Stews provide an easy introduction to game, like elk. The braising liquid and the variety of herbs and aromatic vegetables can tame even the wildest of flavors. Since elk is one of the mildest flavored of game meats, this dish is appetizing to even to the most timid diner.
I cook my elk in a simple red wine braise, using the freshest herbs and farmers market vegetables. For the wine, I like a good Chianti because sangiovese grapes typically produce a leaner, more acidic wine than, say, a big fruit-forward merlot or zinfandel. Elk is quite lean and can be considerably tougher than a similar cut from corn-fed cattle. Sangiovese’s acidity helps break down that tough connective tissue.

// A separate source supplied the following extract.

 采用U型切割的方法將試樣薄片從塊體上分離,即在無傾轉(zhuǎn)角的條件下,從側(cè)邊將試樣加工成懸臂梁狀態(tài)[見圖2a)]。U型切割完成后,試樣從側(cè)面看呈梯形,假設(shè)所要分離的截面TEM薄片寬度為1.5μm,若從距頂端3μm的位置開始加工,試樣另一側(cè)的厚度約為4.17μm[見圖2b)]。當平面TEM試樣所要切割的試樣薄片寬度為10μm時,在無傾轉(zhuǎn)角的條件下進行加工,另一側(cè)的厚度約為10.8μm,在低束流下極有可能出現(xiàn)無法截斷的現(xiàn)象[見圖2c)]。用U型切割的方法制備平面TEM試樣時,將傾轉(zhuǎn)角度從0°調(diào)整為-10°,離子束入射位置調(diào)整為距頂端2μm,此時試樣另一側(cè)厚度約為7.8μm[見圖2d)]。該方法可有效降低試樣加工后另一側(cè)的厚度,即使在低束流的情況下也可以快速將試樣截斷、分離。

Once the elk is done cooking, it will taste like the best braised beef short ribs, only without all the beef fat. The meat will be tender with great beef flavor: savory, rich, with a touch of sweetness, just like a good steak ought to be.

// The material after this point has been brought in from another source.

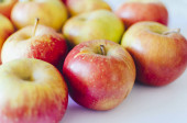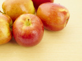 Czerwone i żółte jabłka na drewnianym stole. Zdrowa żywność

4 tablespoons grapeseed oil
1 pound elk round steak
2 cups chopped carrots
3 celery ribs, chopped
1 small yellow onion, chopped
8 cloves garlic, peeled and halved
1/2 stick unsalted butter
1 sprig fresh rosemary, plus more for garnish
5 large sprigs fresh thyme
2 tablespoons fresh oregano (packed)
1 teaspoon crushed red pepper
1/2 cup Chianti (or your favorite dry red wine)
Salt and pepper, to taste
Preheat oven to 300°F.
Begin by searing the elk steak. Heat 2 tablespoons of the grapeseed oil in a large braising pan or sauté pan over medium-high heat. Sear the elk on both sides until nicely browned. Remove the meat from the pan and set on a plate, along with any juices.
Heat the remaining 2 tablespoons grapeseed oil in the pan and sear the carrots. Then add the celery, cooking a couple minutes longer until softened. Add the onion and cook until it has sufficiently “sweated,” and finally add the garlic. Add the butter. When the butter has melted, add in the herbs (rosemary, thyme, oregano, crushed red pepper). Add the red wine and bring to a boil. Cook until the liquid is reduced to about half, then season with salt and pepper.
Return the seared elk steak, along with the juices, to the pan. Place a tight-fitting lid over the pan and set in the preheated oven. Let the meat braise for about 2 hours.
Remove from oven and test the meat with a fork; it should begin to pull apart with a light tug. Once done, remove the elk from the braise and cut into large bite-sized pieces. Return the meat back to the stew and carefully toss with the vegetables. Ladle into bowls, garnish with a sprig of rosemary, and serve.